Going “over the line” in sales means you will be kicked out of a business or have an abrupt end to a phone conversation. Everyone agrees this is a bad thing; you don’t want to cross that line. However, today I’d like to explain why you SHOULD cross the line in sales!
As children, we all learned not to cross the line set by the adults in our lives – parents, grandparents, etc. When I was told to go to my room, I knew I was in trouble because I crossed the line! How did we know where the line was? We knew where the line was because we crossed it! Right away you got some negative feedback and knew that’s where the line was.

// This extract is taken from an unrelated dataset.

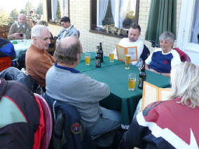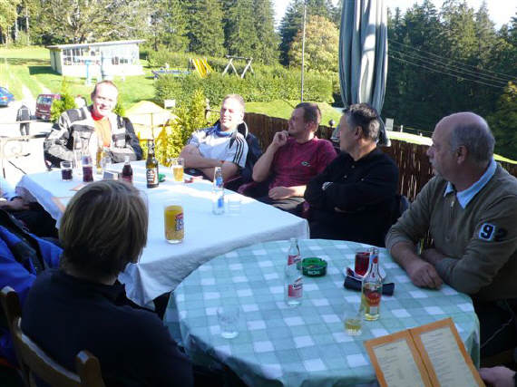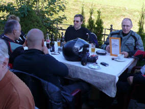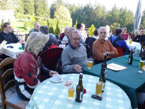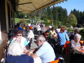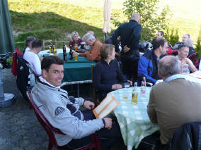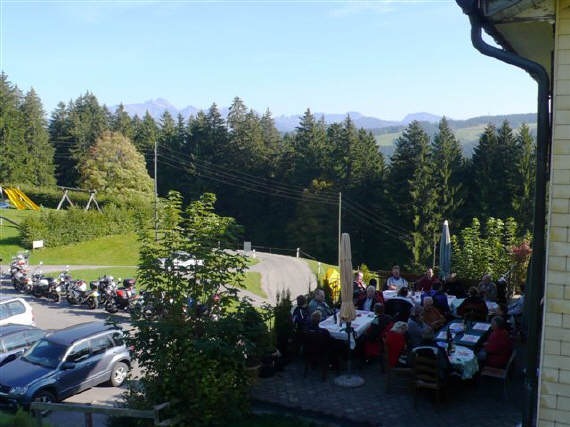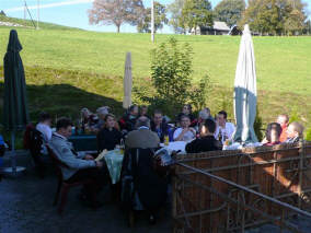 Fast ausnahmslos blieben die Teilnehmer zum verspäteten Mittagessen. Die Fahrt durch die schönen Gegenden hatten gluschtig gemacht . Milly war auch zu uns gestossen. Von ihr kam auch der Vorschlag für diesen exklusiven Aussichtsplatz. Natürlich dauerte es eine Weile, bis alle erst etwas zum Trinken, später das Essen auf dem Tisch hatten. Es war aber ein sehr angenehmer Aufenthalt, in guter Atmospäre und in geselliger Runde. Gegen 5 Uhr brachen alle auf. |

There is a psychological problem which many sales people have; they don’t want to cross the line. No one wants to be too pushy. Fifteen years ago, when I first got into sales, most sales people with whom I interacted were constantly crossing the line. Today I’m amazed that I never hear of or talk to sales people who cross the line. I find that the opposite extreme is the problem now; sales people don’t even know where the line is. They feel like they are right on the edge, but the edge is actually ten miles away!
Although I’m not suggesting that you should constantly push people over the line, there is one sense in which you SHOULD cross the line. Here is my challenge to you: on your next sales call decide to walk into the business knowing that you are either going to get the “yes” or get kicked out. Don’t leave there without the sale. For most of you that would be a terrifying thing.

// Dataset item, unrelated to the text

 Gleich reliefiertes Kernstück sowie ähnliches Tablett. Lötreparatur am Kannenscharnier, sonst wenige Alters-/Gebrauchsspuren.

My first day in merchant services, I had three appointments which the company had scheduled through telemarketing. They were terrible prospects, but they were still leads. The first place was a barber shop doing about $1,000 a month in credit card processing. For those of you who understand the industry, you know that isn’t much of a sale. I talked to this barber for thirty minutes, but he wasn’t interested. My next stop was a bike shop – a little, tiny bike shop. It was a long-time business whose owner was probably ninety years old. I had decided before pulling into the shop that I must find out where the line was; I knew I would walk out with a sale or walk out because I was kicked out. I stayed with the poor guy for probably more than two hours, looked at his statement, and was relentless. I had to apologize and back up a few times when I stepped on the line. However, I DID get the sale. It was the first sale I ever made in credit card processing. Now I knew I could push harder with everyone else because I knew where the line was.

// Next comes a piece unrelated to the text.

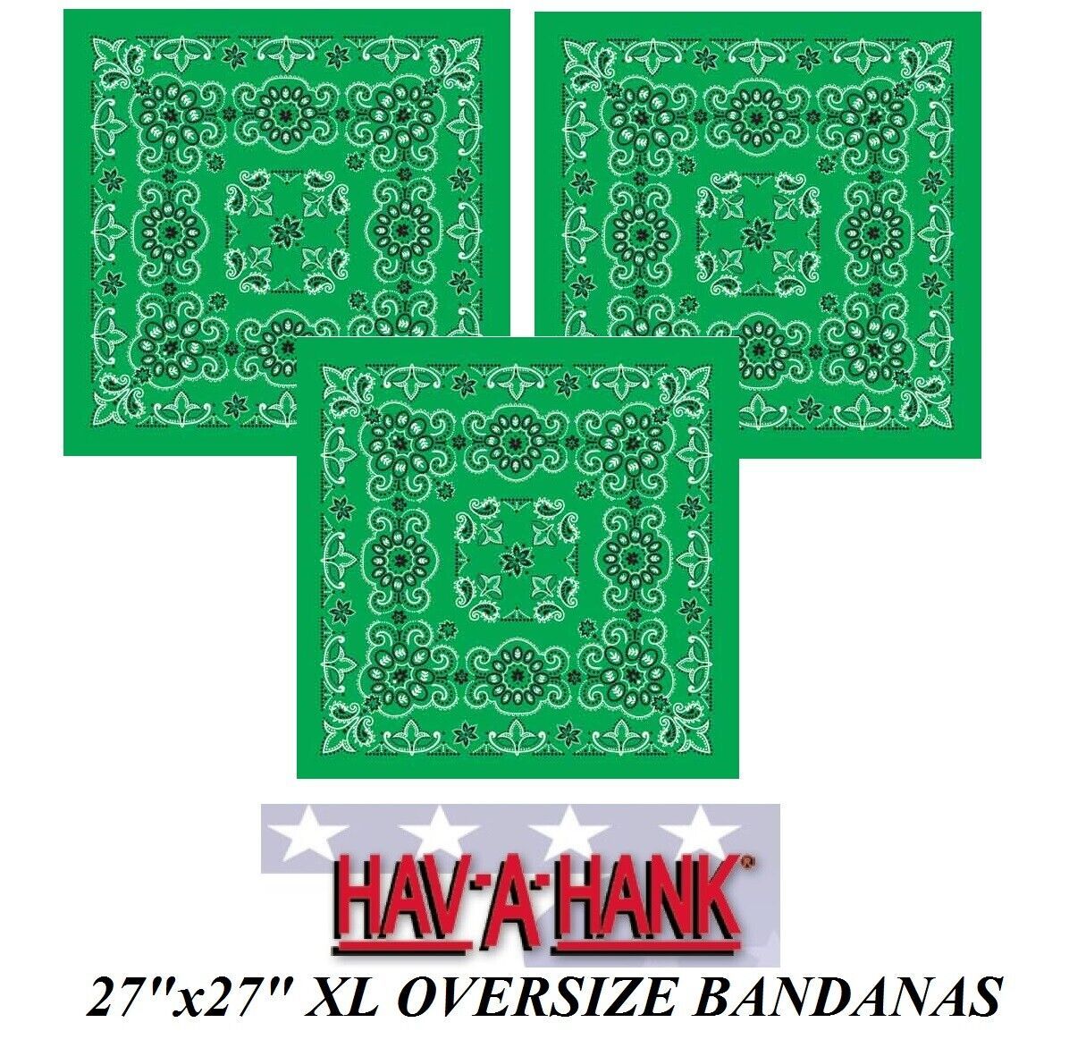 3 Hav-A-Hank XL BIG SIZE GREEN PAISLEY 27" BANDANNA Head Wrap Face Mask Scarf b

You could probably be closing seven or eight times more than you are. If someone tells you “no,” do you simply say, “Okay, thanks for your time”? That’s NOT a sales professional! Are you an order taker? CLOSE DEALS. When prospects say “no,” you close again. When they say “no” again, you close again. Then when they say “no” again, become personal with this kind of response, “Hey, I’m not trying to be difficult here, but this is my business. It really matters to me. I believe I can do a good job for you and want the opportunity to earn your trust. Please give me that chance. Would you at least give me a shot?” You must use these kinds of lines and push for the sale. Probably 99% of you who are reading this have never “crossed the line” in sales. You have no idea where the line is until you’ve crossed it. Let me encourage you to decide on your next stop or phone call that you’re going to get the sale or get kicked out. Push harder to make sure you are closing deals; that is what sales people do.